Halbzeit Sheffield Wednesday – Plymouth 0:1

[21h44] Die ersten Fans gehen schon mal zum Getränkestand. Ganz schwaches Spiel des FC Chelsea.

[21h39] Chelsea kommt etwas besser ins Spiel, Wigan fast mit einem Eigentor, aber Palacios’ Kopfball wird vom eigenen Mitspieler noch über die Latte gelenkt. Aber viel Druck, Tempofußball von den Blues ist das nicht.

[21h29] Karmapunkte für Chris Kirkland im Tor von Wigan, der nach einem Kopfball von Anelka sensationell reagiert und den Ball noch über die Latte lenkt. Wieder wurde der Angriff über rechts initiiert, diesmal mit Essien und Beletti. Wigan ist über die eigene linke Seite extrem anfällig. Das müssten die Blues viel konsequenter ausnutzen.

[21h23] Nach 20 Minuten verzeichnen wir die beste Chance dieses Spiels – für Wigan Athletic, doch Peter Cech kann den Schuss von Valencia noch zur Ecke abwehren. Sagen wir es mal so: Heute könnte Avram Grant mal Gebrauch machen von seinem Versprechenn nach attraktivem Fußball. Im Moment ist die Spielweise des FC Chelsea Mourino reloaded. Das ist gar nichts, Wigan kommt immer besser in die Partie.

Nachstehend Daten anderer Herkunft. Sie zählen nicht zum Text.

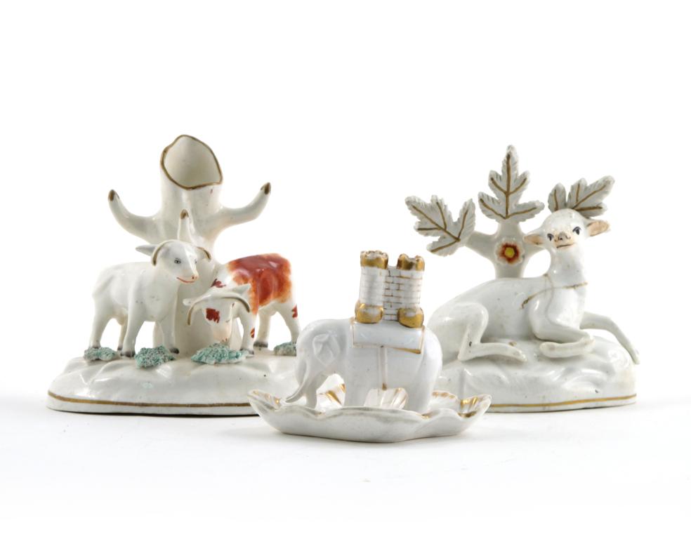 Three Staffordshire porcelain groups 1st half 19th century, one modelled as two cows beneath a spill formed as a tree trunk, one of a deer recumbent beneath bocage, the last of an elephant standing four square on a shaped dish with a castle on his back, some restoration, 11cm max. (3)

[21h18] Eine Partie auf überschaubarem Niveau. Chelsea mit gefühlten 80% Ballbesitz, viel kommt dabei aber noch nicht rum, weil Wigan zumindest defensiv ganz gut steht. Wenn sich das Team von Steve Bruce etwas mehr trauen würde, könnte sich ein Spiel hier ergeben. Bis jetzt ist es noch keines.

[21h13] Sheffield Wednesday liegt hinten gegen Plymouth mit 0:1. Torschütze Peter Halmosi nach 33 Sekunden. Partie ansonsten ausgeglichen.

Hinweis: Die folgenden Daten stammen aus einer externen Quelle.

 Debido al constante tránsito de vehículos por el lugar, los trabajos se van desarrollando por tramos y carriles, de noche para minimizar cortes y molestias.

[21h08] Erste gute Chance für den FC Chelsea, als sich Kalou über rechts schön durchsetzt, einen Gegner austeigen lässt. Doch Anelka kann die Flanke nicht im Tor unterbringen. Da war mehr drin. Überhaupt macht Kalou über rechts einen sehr starken Eindruck, viel bei Chelsea geht über diese Seite.

[21h03] So, dann wollen wir mal. Die Blues von rechts nach links mit Anstoß.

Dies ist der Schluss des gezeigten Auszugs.